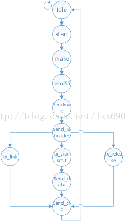4、发送端有一处设计缺陷,即从ram中取出数据计算校验和时候,是以双字为单位,判断门限设置不恰当,造成发送模块只能发送以4字节为倍数的字符串。尚待改进。
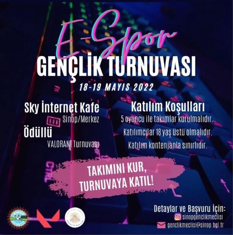 Sinop Belediyesi Kent Konseyi Gençlik Meclisi’nin düzenlediği ‘E-Spor Gençlik Turnuvası’ duyurusu yapıldı. 18-19 Mayıs tarihlerinde düzenlenecek ödüllü ‘Valorant turnuvası’ için, katılım şartı ise yalnızca 18 yaş üzeri 5 kişilik takım kurmak. Başvuru ve detaylar hakkında bilgi almak için Kent Konseyi Gençlik Meclisi iletişim kanalları üzerinden ulaşılabileceği bildirildi.
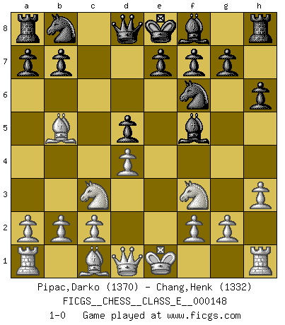 Last move : 1-0 2012 March 18 9:20:19 [Event "FICGS__CHESS__CLASS_E__000148"] [Site "FICGS"] [Date "2012.02.03"] [Round "1"] [White "Pipac,Darko"] [Black "Chang,Henk"] [Result "1-0"] [WhiteElo "1370"] [BlackElo "1332"] 1.e4 c6 2.Nc3 d5 3.exd5 cxd5 4.d4 Nf6 5.Nf3 Bf5 6.h3 h6 7.Bb5+ 1-0 This chess game has been lost on time (started : 2012.02.03 18:52:23) Caro-Kann defense Player White won this chess game. Follow this game move after move (download)As one by one I mowed them down, my superiority soon became apparent. (Jose Capablanca) Frage des Reporters: -Welche besonderen Umstände rechtfertigen das Anhalten der Uhren während einer Turnierpartie? Antwort: -Einen Fotographen zu strangulieren. (Siegbert Tarrasch) El Ajedrez es en su esencia, un juego. En su forma, un arte. Y en su ejecución, una ciencia. (Baron Tassilo) Aux échecs, l'amour-propre est satisfait quand on remporte la victoire, mais il n'y a pas de honte à être battu. (Benjamin Franklin) There are two types of people in this world, good and bad. The good sleep better, but the bad seem to enjoy the waking hours much more. (Woody Allen)
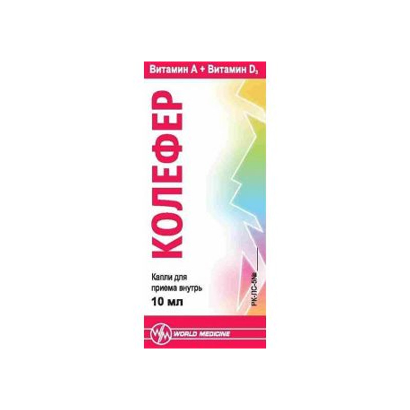 Однородный раствор от светло-желтого до желтоватого цвета. | Состав+1 мл раствора содержитвитамин А (ретинола пальмитат) 11.236 мг (20000 МЕ)витамин Д3 (холекальциферол) 0.250 мг (10000 МЕ) | Противопоказания+-Гиперчувствительность к ретинолу и холекальциферолу или другим компонентам препарата;- гипервитаминоз витаминов А и/или Д;- почечная недостаточность;- гиперкалиемия;- мальабсорбция;- детский возраст до 4 месяцев | Побочные действия+Параметры частоты побочных эффектов определены следующим образом: неуточненной частоты — параметры частоты не могут быть оценены по имеющимся данным.Со стороны центральной нервной системы:- головная боль, головокружение, нервозность, депрессия, психические расстройстваСо стороны пищеварительной системы:- потеря аппетита, тошнота, рвота, сухость во рту, боли в животе, кишечная непроходимость.Со стороны мочеполовой системы:- полиурия, камни в почках, повышение уровня кальция в моче.Со стороны кровеносной системы:- повышение уровня кальция в крови, анемия.Со стороны опорно-двигательного аппарата и соединительной ткани:- боль в мышцах, артралгия, отек соединительной ткани, боль в костях.Со стороны кожи и подкожно-жировой клетчатки:- герпетическая лихорадка, выпадение волос, сухость кожи.Прочие:- потеря веса, кальцификация тканей | Способ применения+Колефер принимают внутрь после еды в ложке жидкости:- дети в возрасте от 4 месяцев до 12 месяцев: по 2 капли в сутки;- дети в возрасте от 1 года до 18 лет: по 3 капли в сутки;- взрослые: по 3 капли 2 раза в сутки | Показания к применению+Профилактикарахит у новорожденных и детей грудного возрастагиповитаминоз и авитаминоз витаминов А и Д у детей грудного и старшего возрастав комплексной терапии у детей и взрослых при заболеваниях кожи и слизистых (псориаз, ихтиоз, дерматозы) | Объем:
-=-=-=-=-
> _WHAT YOU SHOULD DO_
Write out an exact copy of the listing, first line through the line containing "Sinop Belediyesi Kent", with the pictures left out.

> _TASK ANSWER_
4、发送端有一处设计缺陷,即从ram中取出数据计算校验和时候,是以双字为单位,判断门限设置不恰当,造成发送模块只能发送以4字节为倍数的字符串。尚待改进。
 Sinop Belediyesi Kent Konseyi Gençlik Meclisi’nin düzenlediği ‘E-Spor Gençlik Turnuvası’ duyurusu yapıldı. 18-19 Mayıs tarihlerinde düzenlenecek ödüllü ‘Valorant turnuvası’ için, katılım şartı ise yalnızca 18 yaş üzeri 5 kişilik takım kurmak. Başvuru ve detaylar hakkında bilgi almak için Kent Konseyi Gençlik Meclisi iletişim kanalları üzerinden ulaşılabileceği bildirildi.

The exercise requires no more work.